Awaiting the new print head. I think it got delayed by UPS…

Glad to hear it!

I just checked the tracking, and it’s currently scheduled to be delivered tomorrow.

Installed the new print head. Was able to run through the calibration fine. This calibration (four + marks in each corner and center) is different than the calibration I ran way back when (Glowforge logos in a grid all over the sheet).

So I printed the Precision Preview test pattern in the top left. View on the post picture was < 1mm difference. Then I tried printing it in the top right.

I aligned the right edge of the right outer arc at 490mm. When I “set focus”, if I place the focus rect at the right side of the selectable area, the head hits the right end of travel before it focuses.

After restarting the Glowforge and “set focus” a little further left, I was able to complete the set focus without issue. Then I printed and you can see that I again hit the right limits at about 480mm.

I’ve numbered the arcs in the order they printed.

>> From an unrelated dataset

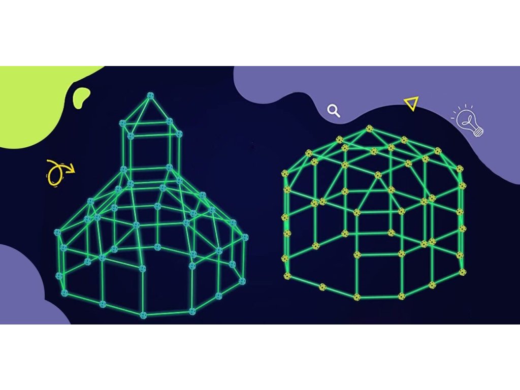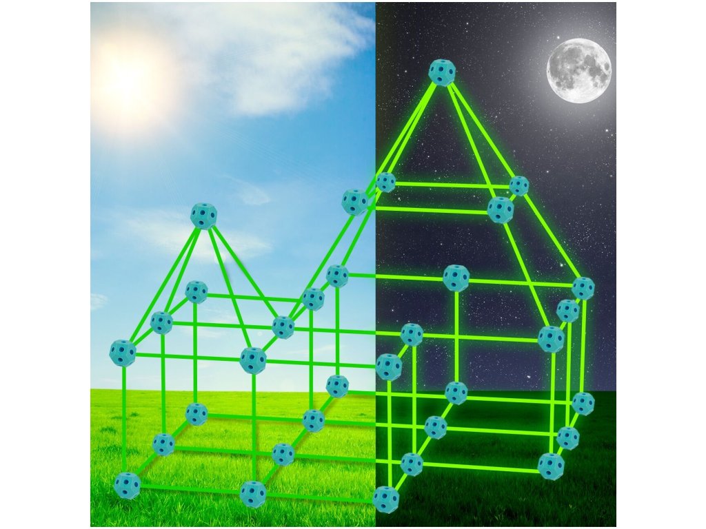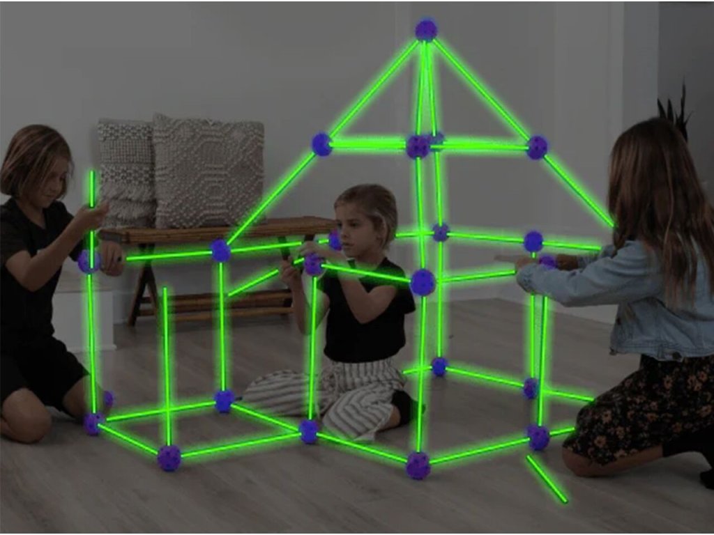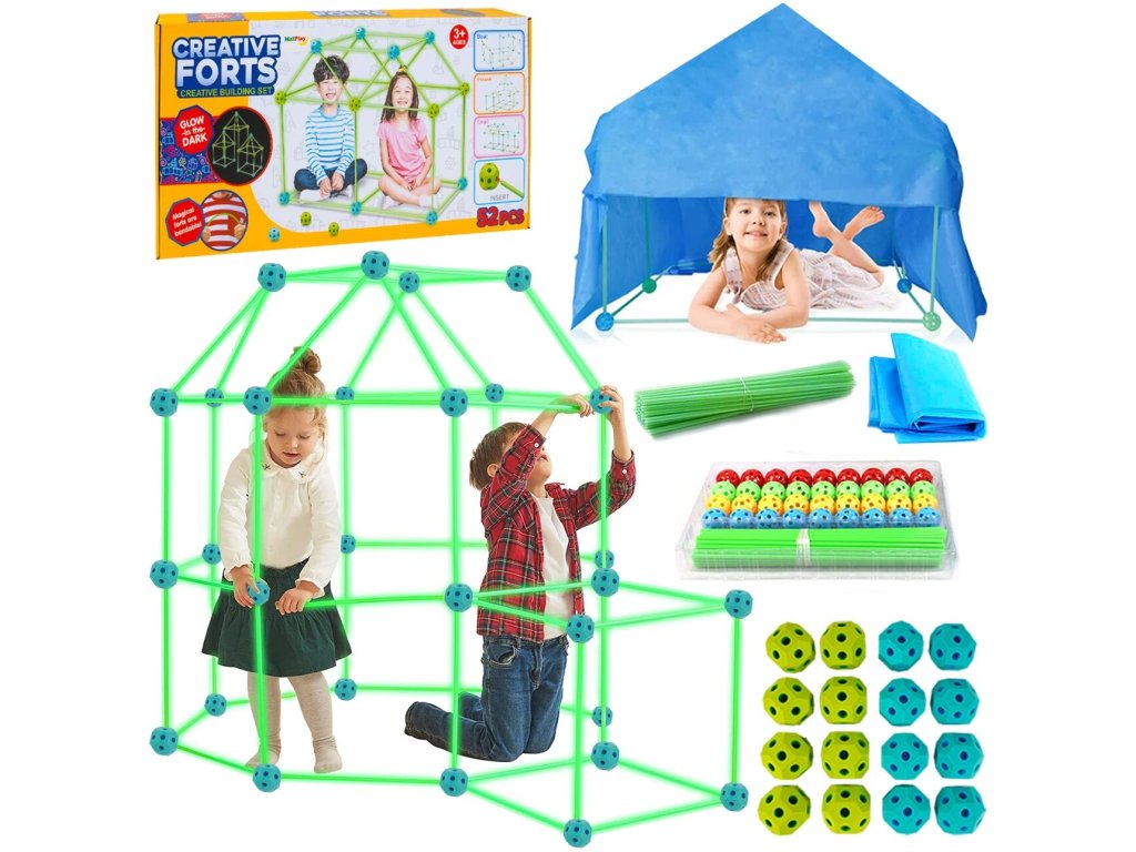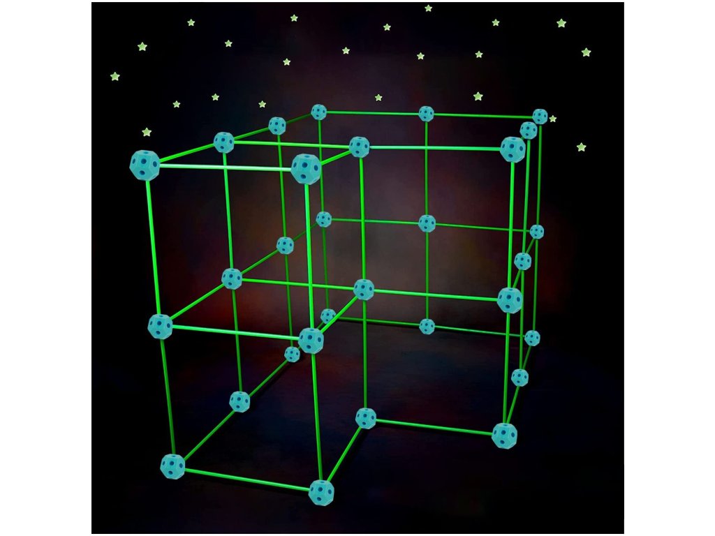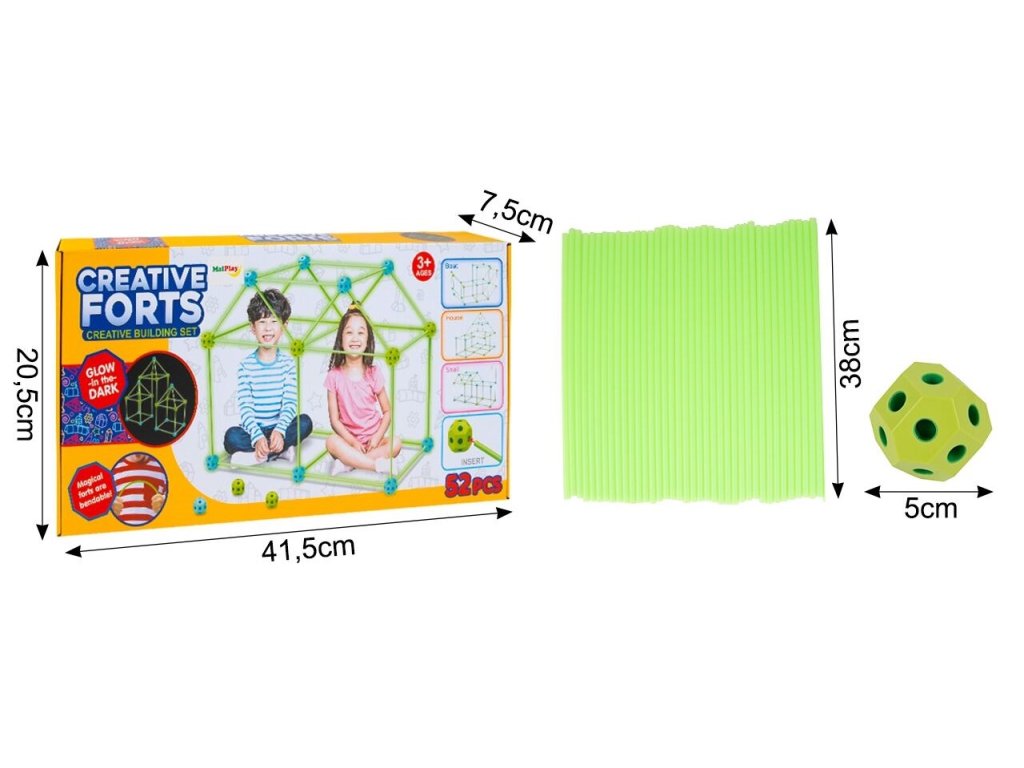 A Creative Forts világító építőkészlet ideális játék minden kis építő számára. Összesen 52 elemből áll. A sötétben világító pálcák és az összekötő alkatrészek segítségével végtelenül sokféle szerkezet hozható létre. A játék 3 éves kortól alkalmas.

Arc 1 printed correctly and is shown about 1.5 mm left of the preview.
Arc 2 at the top started OK, but at about 480 mm it stopped moving right.
Arc 3 printed mostly in a vertical line, with a bit of curve to the left at the bottom
Arc 4 printed correctly in the Y axis, but is shifted 8-9mm left of where it should have printed
The center cross (5) and the circle are all consistent with Arc 4’s left shift.